Provided records:
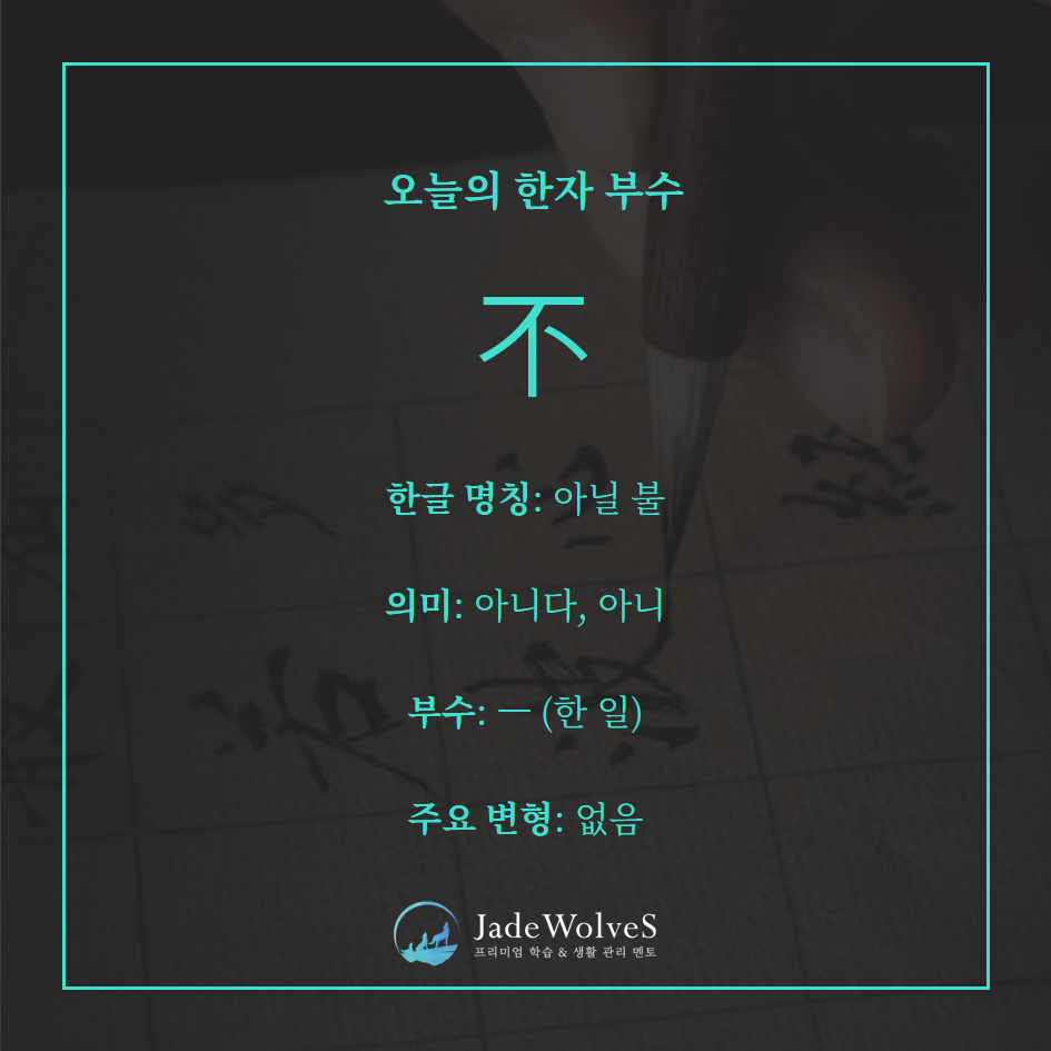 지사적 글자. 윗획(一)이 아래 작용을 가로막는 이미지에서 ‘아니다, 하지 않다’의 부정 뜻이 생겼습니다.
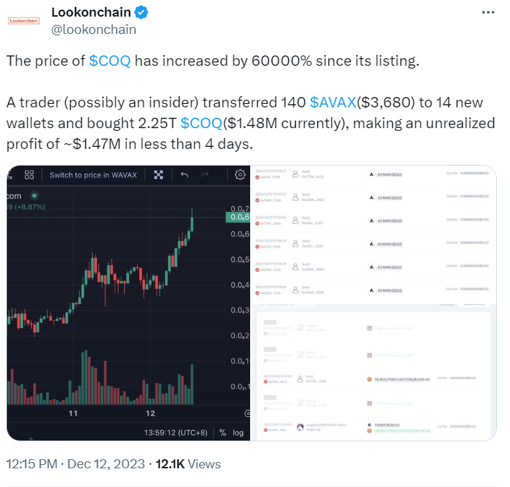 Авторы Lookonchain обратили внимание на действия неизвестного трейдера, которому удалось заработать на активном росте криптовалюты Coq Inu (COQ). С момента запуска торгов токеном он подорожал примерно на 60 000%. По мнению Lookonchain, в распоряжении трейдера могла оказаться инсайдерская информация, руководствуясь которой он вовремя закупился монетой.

--

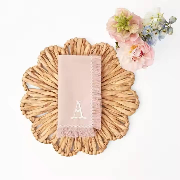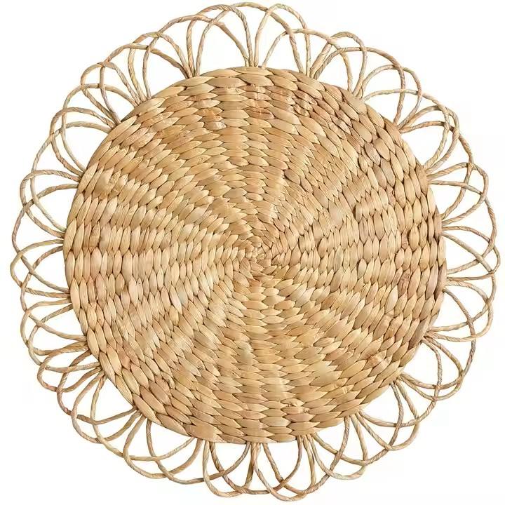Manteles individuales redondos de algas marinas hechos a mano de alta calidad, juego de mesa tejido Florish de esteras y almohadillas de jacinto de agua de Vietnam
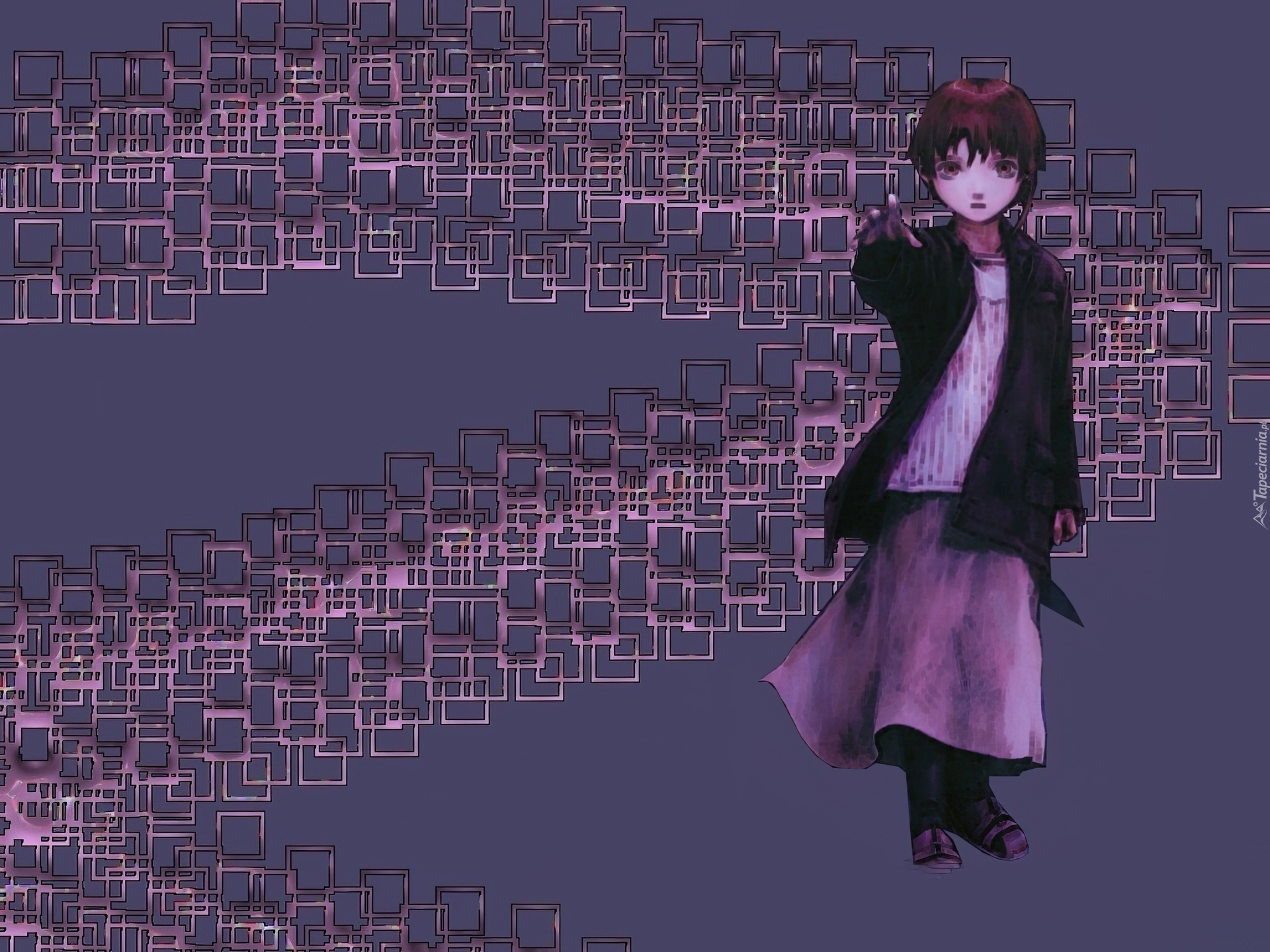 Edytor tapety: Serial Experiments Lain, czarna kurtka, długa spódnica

* * *

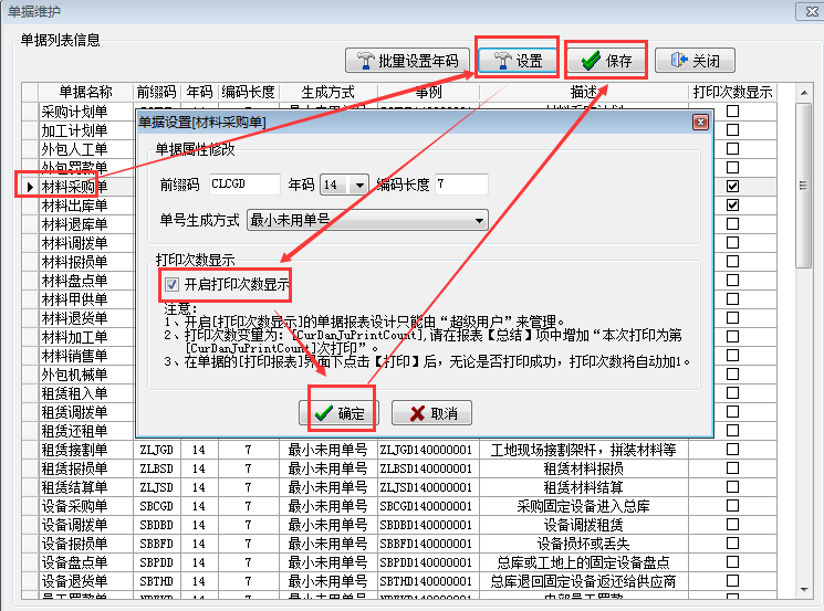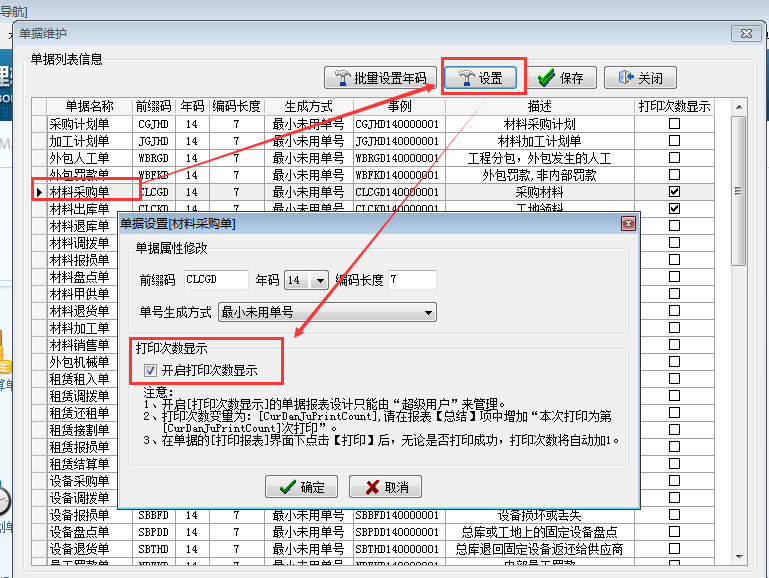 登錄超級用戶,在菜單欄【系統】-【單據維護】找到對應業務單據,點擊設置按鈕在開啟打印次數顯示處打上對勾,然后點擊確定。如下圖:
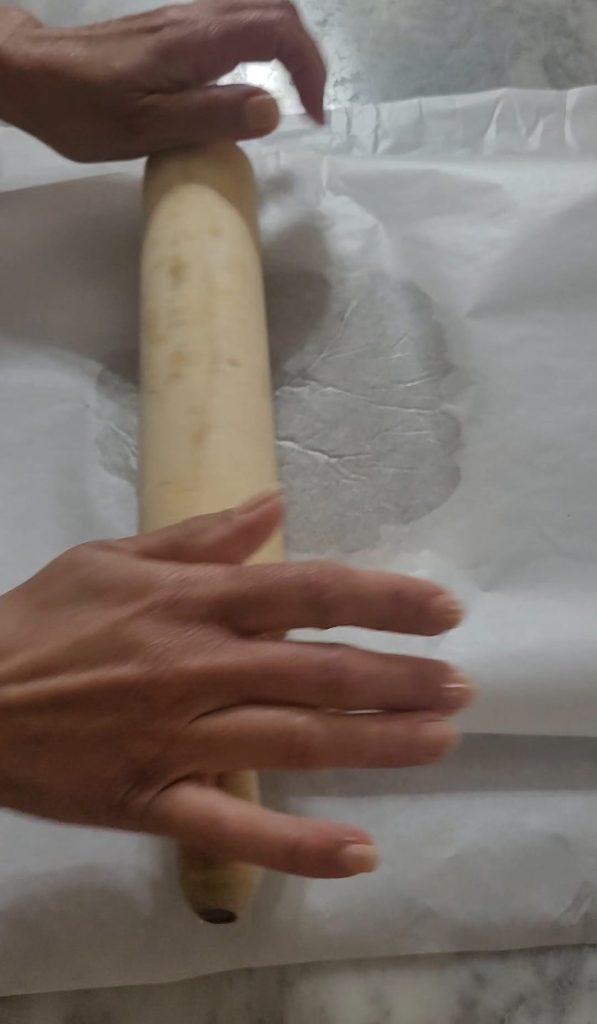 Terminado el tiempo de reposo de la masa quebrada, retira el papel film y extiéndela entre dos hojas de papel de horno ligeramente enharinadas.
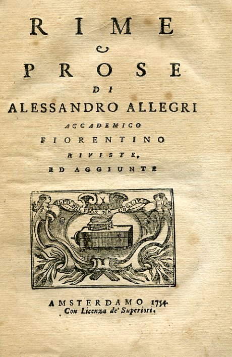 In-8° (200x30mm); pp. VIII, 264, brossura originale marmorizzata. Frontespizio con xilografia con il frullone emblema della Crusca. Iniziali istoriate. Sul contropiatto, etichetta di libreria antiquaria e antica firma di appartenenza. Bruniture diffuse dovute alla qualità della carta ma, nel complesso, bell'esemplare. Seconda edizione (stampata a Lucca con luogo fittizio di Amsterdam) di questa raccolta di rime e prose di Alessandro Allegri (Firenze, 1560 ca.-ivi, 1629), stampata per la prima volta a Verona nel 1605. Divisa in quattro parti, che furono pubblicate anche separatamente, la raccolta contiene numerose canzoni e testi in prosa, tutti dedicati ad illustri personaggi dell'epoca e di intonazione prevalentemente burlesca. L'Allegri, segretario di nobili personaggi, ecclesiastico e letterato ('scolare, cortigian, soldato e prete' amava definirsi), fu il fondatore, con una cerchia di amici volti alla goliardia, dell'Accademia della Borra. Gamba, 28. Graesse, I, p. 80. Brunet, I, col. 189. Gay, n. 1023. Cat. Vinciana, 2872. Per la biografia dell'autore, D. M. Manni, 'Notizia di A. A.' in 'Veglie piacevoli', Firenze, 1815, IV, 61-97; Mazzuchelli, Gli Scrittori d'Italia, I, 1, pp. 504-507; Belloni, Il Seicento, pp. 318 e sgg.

Problem to work on: Take the material above from the line bearing "Manteles individuales redondos" through the line bearing "Edytor tapety: Serial" and write it out exactly, both end lines included. Pictures stay out.

The answer:
Manteles individuales redondos de algas marinas hechos a mano de alta calidad, juego de mesa tejido Florish de esteras y almohadillas de jacinto de agua de Vietnam
 Edytor tapety: Serial Experiments Lain, czarna kurtka, długa spódnica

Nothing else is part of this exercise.